Texas Rep. Democrat Lloyd Doggett First MP to Ask Joe Biden to Withdraw

Democratic heavyweights and congressmen on Tuesday, July 2, questioned the suitability of President Joe Biden, 81, for a second term, with the first public call for him to withdraw his candidacy.  “Recognizing that, unlike Trump, President Biden’s first commitment has always been to our country, not himself, I look forward to him making the difficult and painful decision to withdraw,” Texas Rep. Lloyd Doggett, a Democrat member of Congress said in a statement.  “I respectfully ask you to do so,” added Doggett, the first MP from the party to publicly ask him to throw in the towel. 

 

“I think it’s a legitimate question to say, ‘Is this an episode or is this a state?'” Nancy Pelosi, 84, a former Democratic speaker of the US House of Representatives, told MSNBC.  She is referring to Biden’s disastrous debate last Thursday against Republican Donald Trump, 78, in which the Democrat repeatedly stumbled and lost his thread, exacerbating fears about his mental acuity.  Since then, Democratic leaders have been hesitant, perhaps to give Biden a chance to calm concerns with a press conference without a teleprompter (a device that allows people to read a text without looking away from the camera), or a long interview, which he will give on Friday, according to ABC News

 

Democrats’ patience is running out.  “We have to be honest with ourselves and say it wasn’t just a horrible night,” Democratic Congressman Mike Quigley told CNN on Tuesday.  A poll released Tuesday by CNN has further fueled fear in the Democratic camp: 75% of voters surveyed believe the party would have a better chance in November with another candidate.  Trump has 49% of the votes nationwide, compared to 43% for his rival, a difference that has not changed since the last poll of this type, carried out in April.  Vice President Kamala Harris, though she would not win, would be in a better position, with 45% to the former Republican president’s 47%.  Other potential Democratic candidates, some of them little known to the public, would face Donald Trump with scores similar to the current president’s, despite their lack of notoriety, such as California Governor Gavin Newsom, Transportation Secretary Pete Buttigieg and Michigan Governor Gretchen Whitmer.

 

“I blame the campaign team for ignoring the questions people are asking,” said Senator Peter Welch in an interview with the Semafor website.  Recent articles, notably from Axios and Politico, speak of a president who would only be fully functional between 10 a.m. and 4 p.m., and who would only read written memos to avoid gaffes.  Since his election, the oldest president in US history has suffered a noticeable physical deterioration.  The White House has so far consistently dismissed questions about Joe Biden’s intellectual acumen.  A recent Wall Street Journal investigation into the octogenarian’s “decline” earned the paper a reprimand from its communications team.  The US president, who has fallen several times in public, has stopped using the long gangplank of his plane for months.
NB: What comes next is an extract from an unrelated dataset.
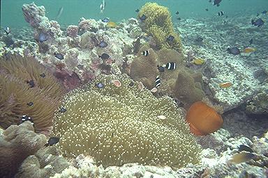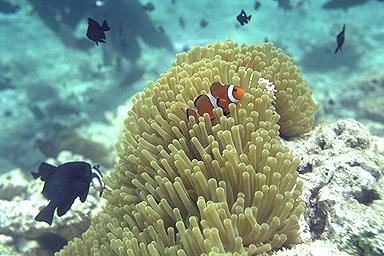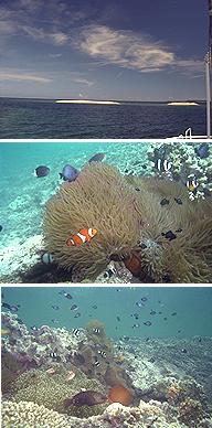 西表島を訪れるためには石垣島から船というのが、一般的でしょうな。石垣 島から高速船で50分。けっこう遠いのだ。ちなみに空港はないので、本土・沖 縄本島から直接乗り込むことはできない。 西表島は、沖縄県で2番目に大きな島であるが、島の中央部はジャングルな ので、一般の旅行者はまず立ち入ることはできない。人が住んでいるのは島の外 周部だけで、人口は石垣島の20分の1以下である。空港を作る土地も需要もない 島なのだろう。また島を一周する道路もないため、観光ポイントを回るのはけっ こう大変だ。バスもあまり走っていないし。観光にはレンタカー・レンタバイク が足となる。レンタサイクルもあるが、大きな島だし、けっこうアップダウンも あるのでお奨めはしないぞ。 西表島に泊まる 西表島での3泊は、すべて船浦にある「いるもて荘」YHにした。一つの島 の中心地に宿を取り、そこを拠点に動き回るというのが、最近の私の旅行パター ンだ。 いるもて荘は民宿との併営で、建物も食事内容も同じ。部屋を相部屋にする か、個室にするかといった違いだけのようだ。 このYHは高台にあり、建物の正面に大きめの芝生の庭がある。パラソルや ガーデンチェア・テーブルなどが置かれ、ちょっとしたリゾート気分を味わえる (しかし蚊が多い)。この庭からは海が見え、バラス島や鳩間島が見渡せる。な かなか気持ちのいい環境だ。 このYHは特色は、ダイビングに力を入れている ことであり、体験ダイビングも格安でできる。 部屋はこぎれいだ。沖縄の宿にはありがちだが、洗濯機や物干し台がやたら たくさんあるなぁという印象を受けた。 夕食は、まぁ普通。ミーティングはなかったが、9時頃にパイナップルが出 る、その名も「パイナップルタイム」があった。この時間帯を利用して、同じテ ーブルの人と情報交換をしたり、島縦断のメンバーを募ったりするようだ。また この時間の後、ダイビングに参加する人たちの打ち合わせや、ダイビングライセ ンス取得のための講習がある。 同じテーブルの人と近くの商店にアイスやら酒やらを買いに行き、その帰り に蛍虫をみた。正式にはイワサキマドホタルという名の蛍の幼虫らしいのだが、 道の端の方々でぼーんやりとした光を放つ。八重山独特の夏の風物だ。 体験ダイビング さて体験ダイビングである。ダイビングは飛び込み、という意味でしょうが 、海でのダイビングは、スキューバダイビング、つまり潜りを意味します。 では「体験」ダイビングとは何か?っていうと、普通、ダイビングというの は資格がいるもんなんですな。資格を得るためには勉強もせなアカンし実習もせ なアカン、つまり時間とお金がかかるんです。一介の旅行者がほいそれとできる ものではないんです。でも旅行者の中には、勉強も実習もイヤやけど潜りたい〜 、シュノーケルで水際をパチャパチャは飽きた〜、という方も多いわけで、そう いう身勝手な方のために(私だ!)、比較的安全な場所で、その場限りのダイビ ング気分を味わせてやるぜ!というものなんです。まぁダイビングお試し版とい ったところでしょうな。 今回の旅行で「いるもて荘」YHを選んだのも、この体験ダイビング(もち ろん普通のダイビングも)を熱心にやっているからである。料金は午前午後2回 のダイビングで16000円である。沖縄本島の方では、これくらいの値段であるか もしれないが、西表でこれは安い。だいたい1回で15000円が相場のようだ。 前日の晩に簡単な打ち合わせがある。といっても集合時間や持ち物の確認と いった簡単なものであり、ホンマに大丈夫かなぁと思うほどあっさりしたもので あった。 当日の朝、ちょっと緊張して集合場所に集まった。インストラクターの (若い)(茶髪の)おねーさんが、だいたい目星をつけてマスクやらフィンや らウエットスーツやらを見つくろってくれる。体験ダイバーは立っているだけの お殿様状態である。これが普通のダイビングだと自分で用具を調達しなくてはい けないようだ。 機材を積んで港へ向かう。YHが船を2隻持っているようで、1隻は普通の ダイビング用で、もう1隻が体験ダイビング用となっていた。 体験ダイバーを乗せた船は、西表島の北に浮かぶバラス島に到着。 バラス島は、サンゴの死骸である白い枝状の石が潮の流れで集まってできた 島である。 まずは島に上陸。ウエットスーツを着て、シュノーケルの練習。つ ぎにボンベを背負っての呼吸の練習。そしてようやく水中へ。 ダイビングでは「耳抜き」という技術を習得しないと、深く潜ることはでき ない。「耳抜き」とは、ハナをかむ感じでゆっくりと耳から空気を抜いていくこ とで、これができないと水圧と体内の圧力を調節することができない。 はじめて5mくらい潜ったとき、耳抜きに失敗、耳がキィーンとして耐えら れない感じになったので、ゆっくり浮上した。2度目からはなんということもな くできたので、慣れが必要なのだろうか。痛いのを我

He prefers a shorter and more stable ladder.

 

For several weeks now, he has also surrounded himself with advisers as he travels from the White House to his helicopter on the lawn, which prevents the cameras from recording his very stiff gait.  The gaffe-prone US president has not given a lengthy press conference since January 2022 and has reduced the number of impromptu remarks he makes to reporters.  The Democrat spends most of his weekends at one of his homes in Delaware, with no official schedule.  When Joe Biden recently visited France to commemorate the Allied landings of 1944, he went straight from the airport to his hotel, where he stayed for a whole day, without making any public appearances.